Mol-AE: Auto-Encoder Based Molecular Representation Learning With 3D Cloze Test Objective

Authors: Junwei Yang, Kangjie Zheng, Siyu Long, Zaiqing Nie, Ming Zhang, Xinyu Dai, Wei-Ying Ma, Hao Zhou

ICML 2024 | Conference PDF | Archive PDF | Plain Text | LLM Run Details

Reproducibility Variable Result LLM Response
Research Type Experimental Empirical results demonstrate that MOL-AE achieves a large margin performance gain compared to the current state-of-the-art 3D molecular modeling approach. and Extensive experimental results demonstrate that MOL-AE consistently outperforms various molecular representation learning methods across a diverse set of molecular understanding tasks. and Extensive experimental results demonstrate that MOL-AE achieves state-of-the-art performance on a standard molecular benchmark, including various molecular classification and molecular regression tasks.

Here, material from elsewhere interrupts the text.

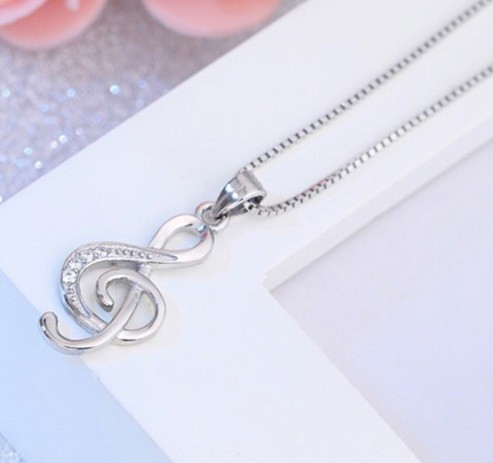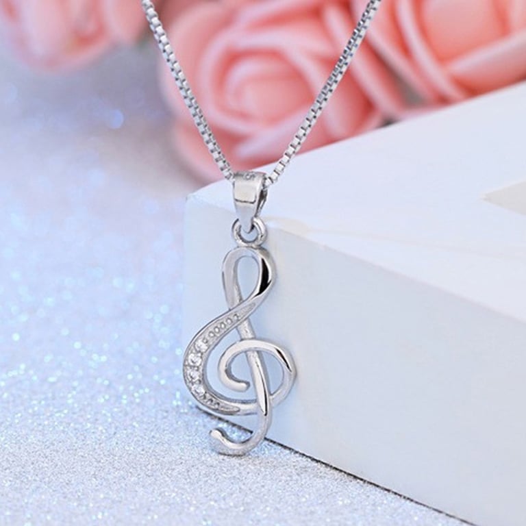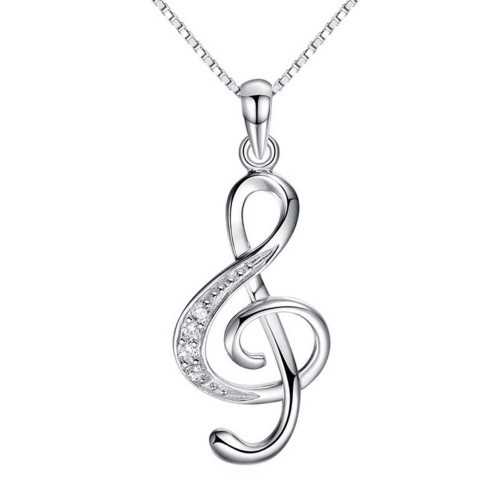 This ladies' fashion pendant in the shape of a treble clef with zircon stones will be a beautiful adornment for any woman's neck.

Researcher Affiliation Collaboration 1School of Computer Science, National Key Laboratory for Multimedia Information Processing, Peking University-Anker Embodied AI Lab, Peking University. 2School of Artificial Intelligence, National Key Laboratory for Novel Software Technology, Nanjing University. 3Institute for AI Industry Research (AIR), Tsinghua University. This work was done during the internship of Junwei, Kangjie and Siyu at AIR. 4Phar Molix Inc.
Pseudocode No The paper does not contain any structured pseudocode or algorithm blocks.

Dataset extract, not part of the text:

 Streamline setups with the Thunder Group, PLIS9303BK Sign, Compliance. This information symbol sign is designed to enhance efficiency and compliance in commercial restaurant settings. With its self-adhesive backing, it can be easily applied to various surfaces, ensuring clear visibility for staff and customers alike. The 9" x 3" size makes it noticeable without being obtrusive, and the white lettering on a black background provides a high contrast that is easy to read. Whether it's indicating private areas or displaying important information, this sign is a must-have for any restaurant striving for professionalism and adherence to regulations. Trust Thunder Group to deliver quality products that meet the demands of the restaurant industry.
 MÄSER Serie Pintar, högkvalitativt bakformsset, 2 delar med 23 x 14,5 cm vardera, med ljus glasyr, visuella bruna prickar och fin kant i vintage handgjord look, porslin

Open Source Code Yes The source codes of MOL-AE are publicly available at https://github.com/yjwtheonly/Mol AE.
Open Datasets Yes For pre-training, we use the large-scale molecular dataset provided by Zhou et al. (2023), which contains 19M molecules and 209M conformations generated by ETKGD(Riniker & Landrum, 2015) and Merck Molecular Force Field (Halgren, 1996). For finetuning, we adopt the most widely used benchmark Molecule Net (Wu et al., 2018), including 9 classification datasets and 6 regression datasets and the data split is the same as Zhou et al. (2023) (cf. Appendix D for more details).
Dataset Splits Yes For fine-tuning, we adopt the most widely used benchmark Molecule Net (Wu et al., 2018), including 9 classification datasets and 6 regression datasets and the data split is the same as Zhou et al. (2023) (cf. Appendix D for more details). and in Table 6 (Appendix D): Molecules (train/valid/test) with specific numbers for each dataset like QM7 5,464/685/681.

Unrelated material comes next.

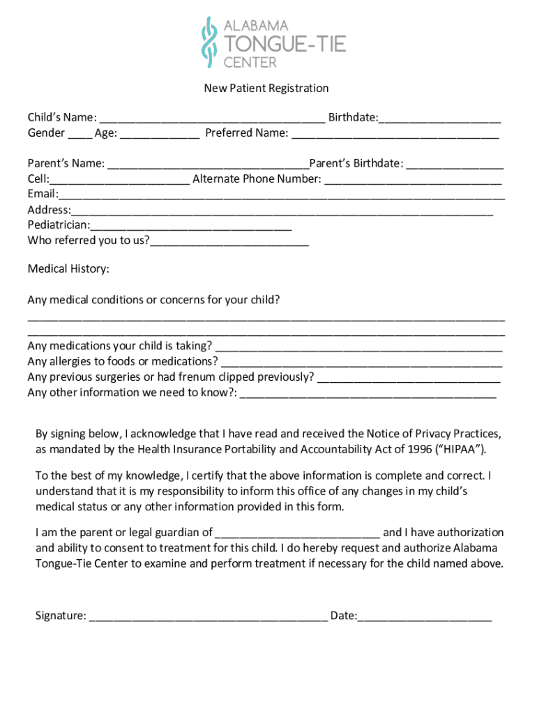 Get the free New Patient Registration - Alabama Tongue-Tie Center

Hardware Specification Yes We train MOL-AE on a single NVIDIA A100 GPU for about 2 days.
Software Dependencies No The paper mentions using 'Adam' optimizer and 'GELU' activation function, but it does not provide specific version numbers for any key software components or libraries (e.g., Python, PyTorch, TensorFlow, scikit-learn).
Experiment Setup Yes We implement MOL-AE using 15 stacked Transformer layers in encoder and 5 stacked Transformer layers in decoder, each with 64 attention heads. The model dimension and feedforward dimension of each Transformer layer are 512 and 2048. For pre-training, We set the drop ratio=0.15 in drop module D. We use Adam (Kingma & Ba, 2014) and polynomial learning rate scheduler to train MOL-AE and set the learning rate 1e-4, weight decay 1e-4, warmup step 10K. The total training step is 1M and each batch has 128 samples at maximum. For more pre-training hyper-parameters, please refer to Table 7. In different downstream task, we use different hyper-parameters. For detailed fine-tuning hyper-parameters, please refer to Table 8.